Standard time in the US

Standard time in time zones was instituted in the U.S. and Canada by the railroads on 18 November 1883. Before then, time of day was a local matter, and most cities and towns used some form of local solar time, maintained by some well-known clock (for example, on a church steeple or in a jeweler's window). The new standard time system was not immediately embraced by all, however.

Detroit kept local time until 1900 when the City Council decreed that clocks should be put back twenty-eight minutes to Central Standard Time. Half the city obeyed, half refused. After considerable debate, the decision was rescinded and the city reverted to Sun time. A derisive offer to erect a sundial in front of the city hall was referred to the Committee on Sewers. Then, in 1905, Central time was adopted by city vote.

Use of standard time gradually increased because of its obvious practical advantages for communication and travel. Standard time in time zones was not established in U.S. law until the Standard Time Act of 1918 enacted on March 19.

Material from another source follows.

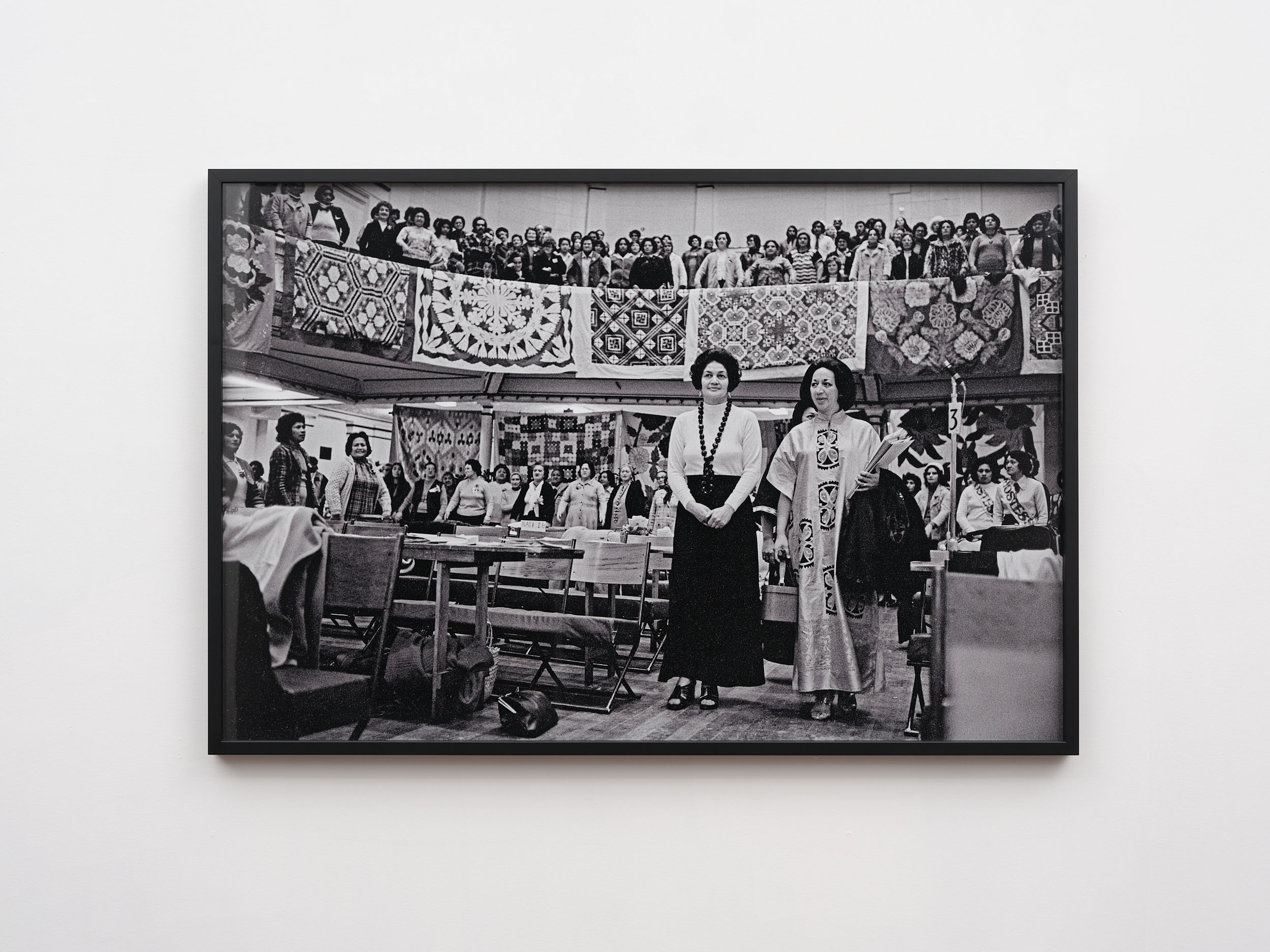 JOHN MILLER Dame Mira Szászy and Hon. Whetū Tirikātene-Sullivan, Māori Women’s Welfare League hui, Wellington Town Hall, Te Whanganui-a-Tara, 1975 Printed 2021 Exhibition print from Pouwātū: Active Presence: John Miller and Elisapeta Heta, Objectspace, Tāmaki Makaurau, 2021 870 x 1295mm (frame)

Time zones were first used by the railroads in 1883 to standardize their schedules. Canada's Sir Sanford Fleming also played a key role in the development of a worldwide system of keeping time. Trains had made obsolete the old system where major cities and regions set clocks according to local astronomical conditions. Fleming advocated the adoption of a standard or mean time and hourly variations from that according to established time zones. He was instrumental in convening an International Prime Meridian Conference in Washington in 1884 at which the system of international standard time -- still in use today -- was adopted.

In 1918, Congress adopted standard time zones based on those set up by the railroads, and gave the responsibility to make any changes in the time zones to the Interstate Commerce Commission, the only federal transportation regulatory agency at the time. When Congress created the Department of Transportation in 1966, it transferred the responsibility for the time laws to the new department.

Time zone boundaries have changed greatly since their original introduction and changes still occasionally occur. The Department of Transportation conducts rulemakings to consider requests for changes. Generally, time zone boundaries have tended to shift westward. Places on the eastern edge of a time zone can effectively move sunset an hour later (by the clock) by shifting to the time zone immediately to their east. If they do so, the boundary of that zone is locally shifted to the west; the accumulation of such changes results in the long-term westward trend. The process is not inexorable, however, since the late sunrises experienced by such places during the winter may be regarded as too undesirable. Furthermore, under the law, the principal standard for deciding on a time zone change is the "convenience of commerce." Proposed time zone changes have been both approved and rejected based on this criterion, although most such proposals have been accepted.